== Exercise details ==
From the listing that follows, reproduce only the lines from the one holding "In the left" through the one holding "jedes Hochzeitspaar freut.", both included, with no pictures.

[Given information]

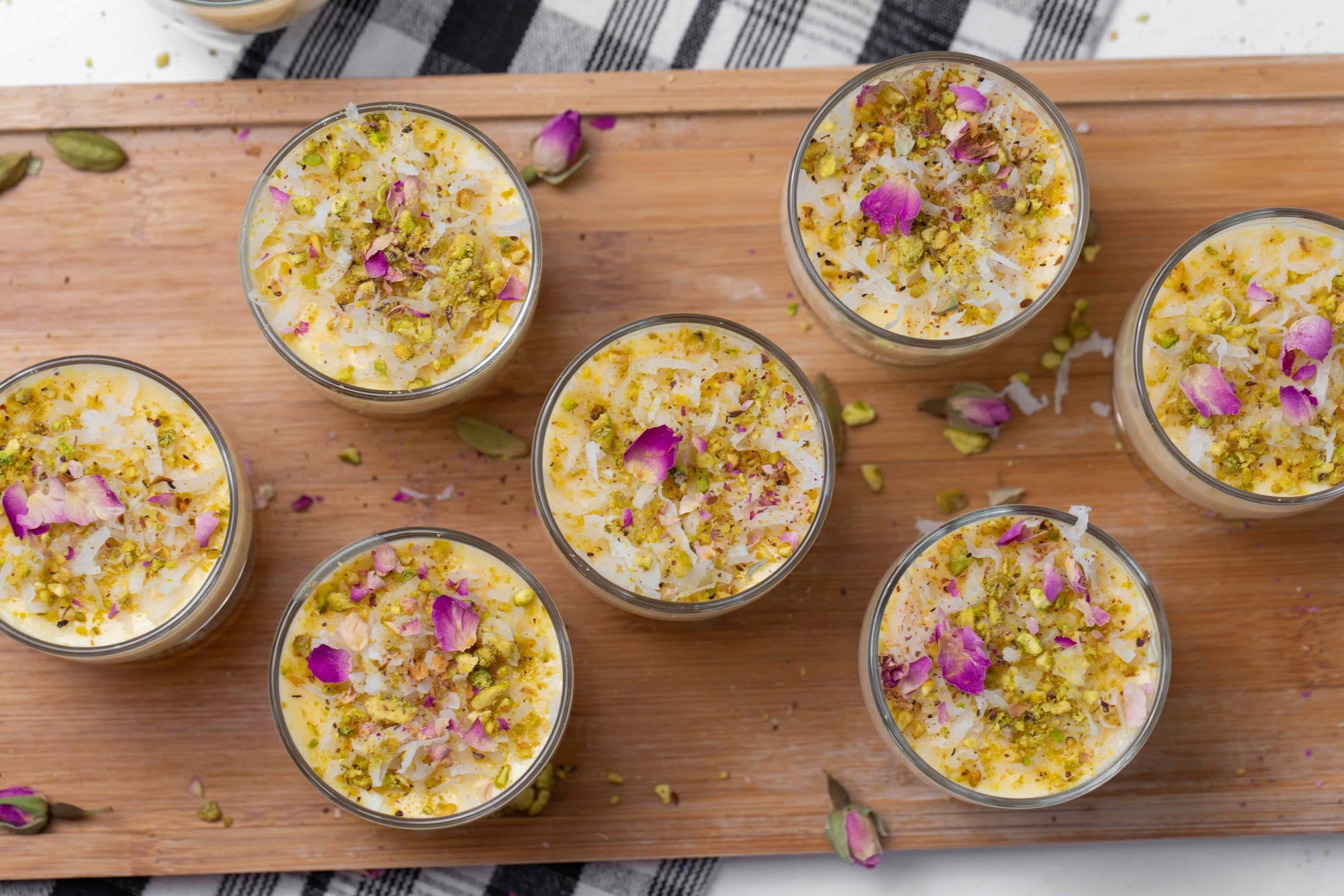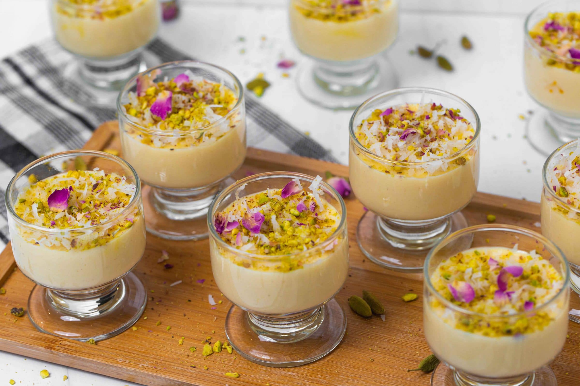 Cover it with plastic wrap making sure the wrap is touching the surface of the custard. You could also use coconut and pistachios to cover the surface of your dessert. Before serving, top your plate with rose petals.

[/Given information]
[Given information]

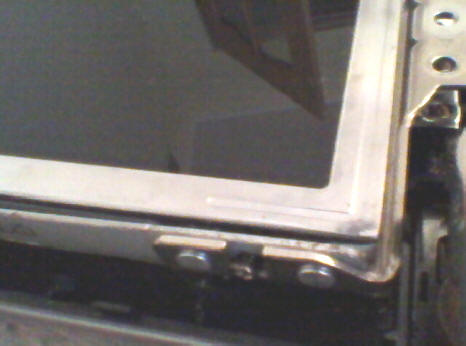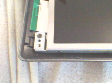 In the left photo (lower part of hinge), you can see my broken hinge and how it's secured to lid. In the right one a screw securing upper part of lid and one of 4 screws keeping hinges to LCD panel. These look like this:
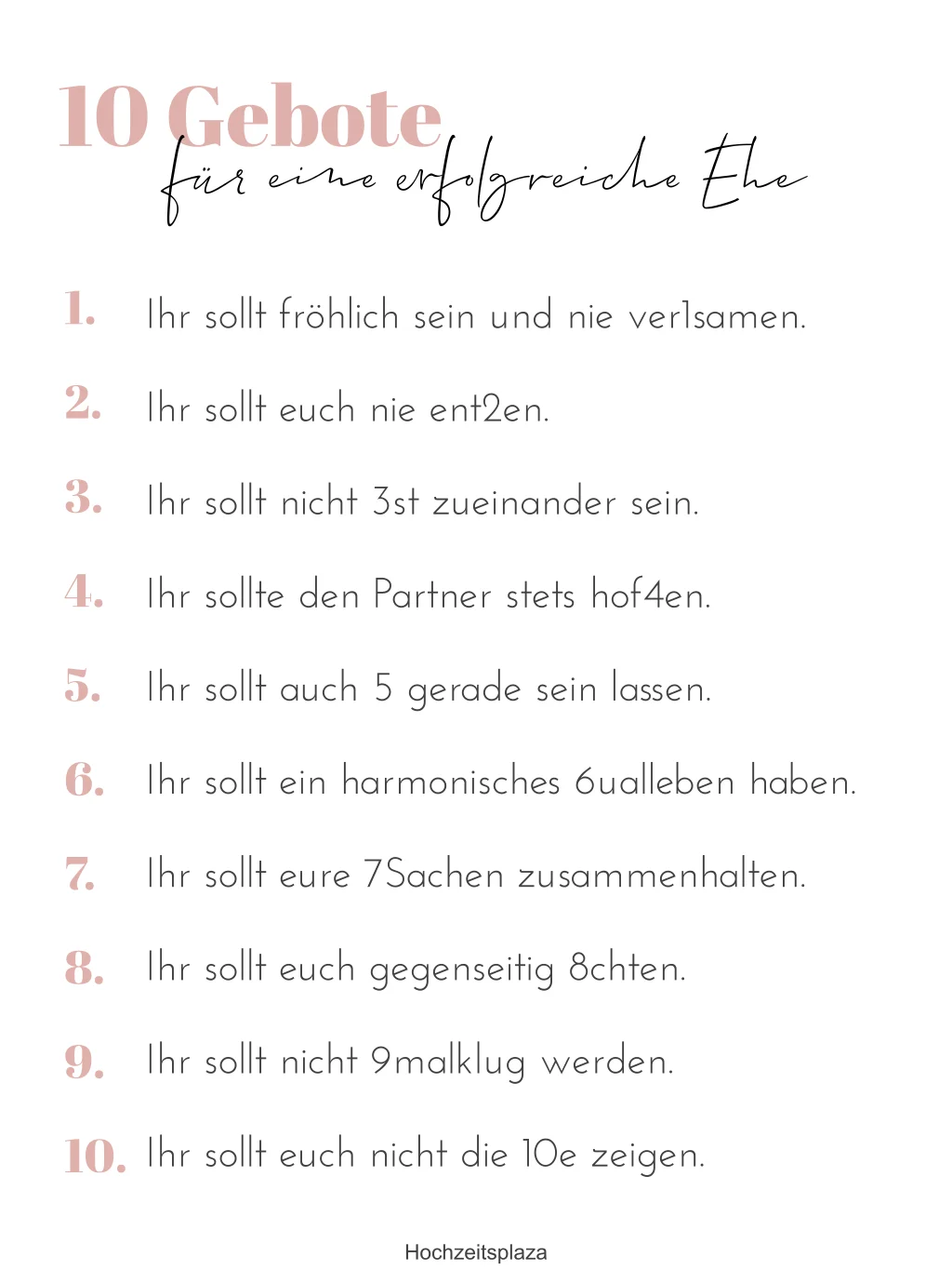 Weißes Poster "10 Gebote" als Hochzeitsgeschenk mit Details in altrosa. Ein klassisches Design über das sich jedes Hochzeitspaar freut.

[/Given information]
[Given information]

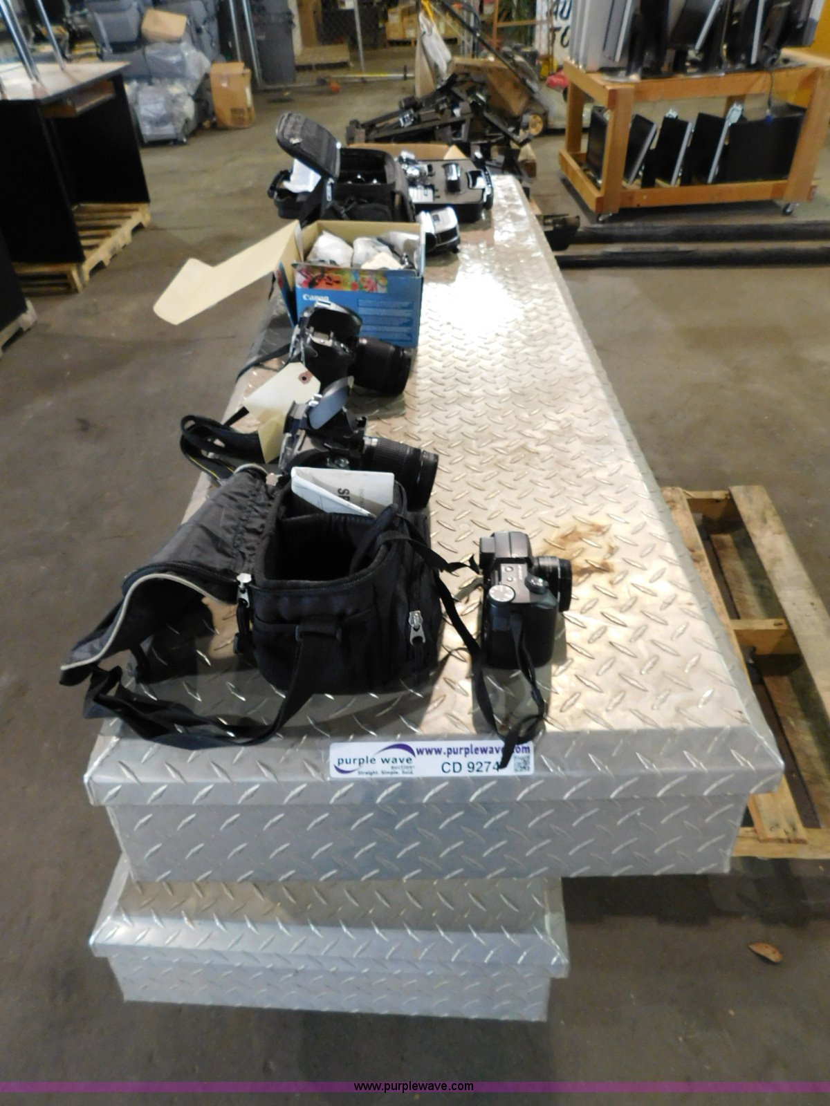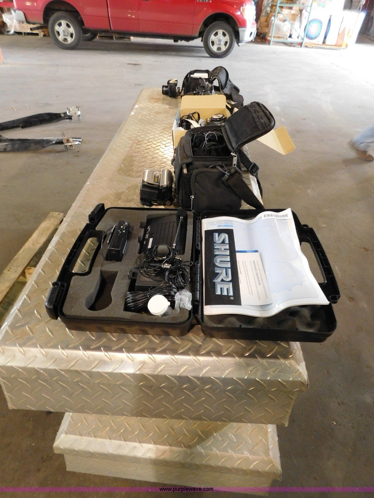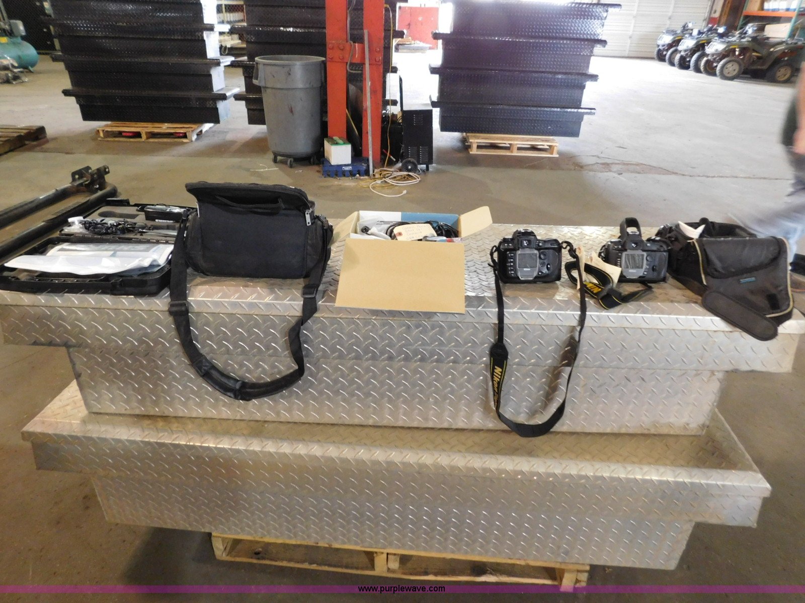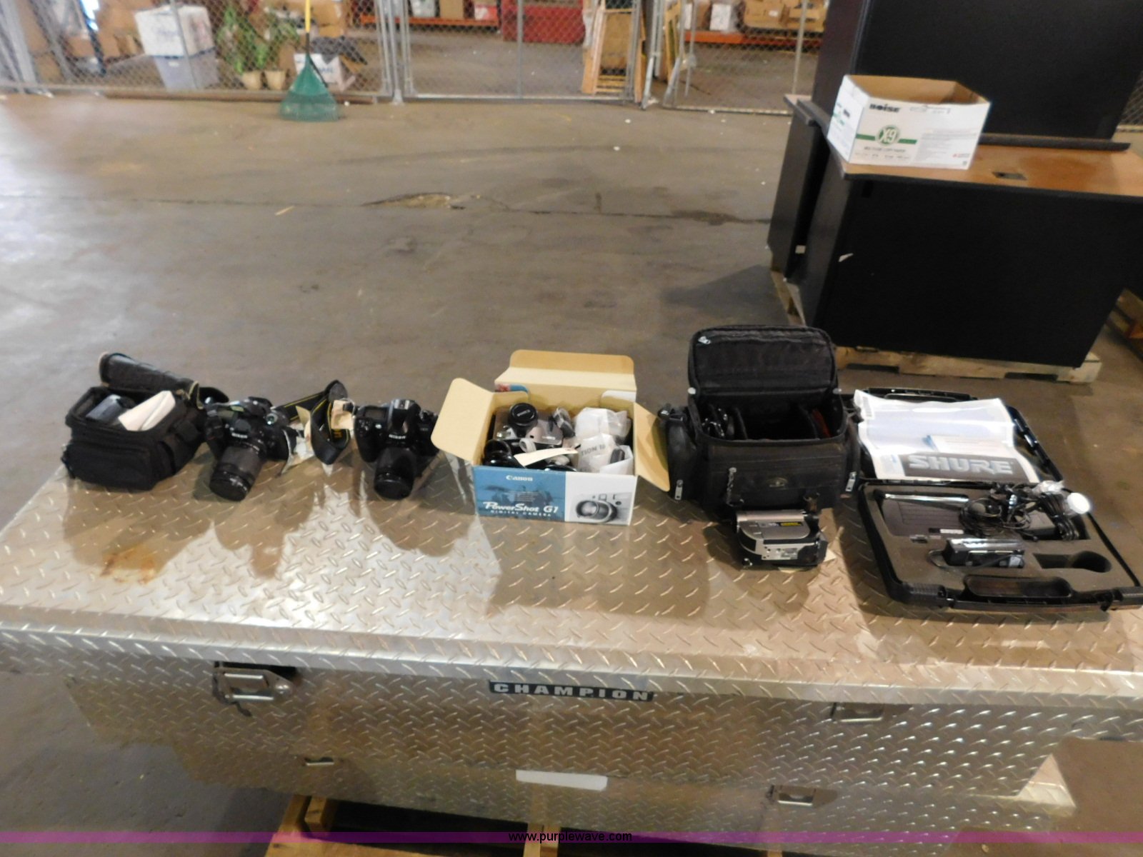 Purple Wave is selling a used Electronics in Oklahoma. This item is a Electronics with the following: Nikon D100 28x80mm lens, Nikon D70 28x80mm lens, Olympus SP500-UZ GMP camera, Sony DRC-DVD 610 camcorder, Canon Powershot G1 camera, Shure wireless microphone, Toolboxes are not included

[/Given information]

== Exercise answer ==
 In the left photo (lower part of hinge), you can see my broken hinge and how it's secured to lid. In the right one a screw securing upper part of lid and one of 4 screws keeping hinges to LCD panel. These look like this:
 Weißes Poster "10 Gebote" als Hochzeitsgeschenk mit Details in altrosa. Ein klassisches Design über das sich jedes Hochzeitspaar freut.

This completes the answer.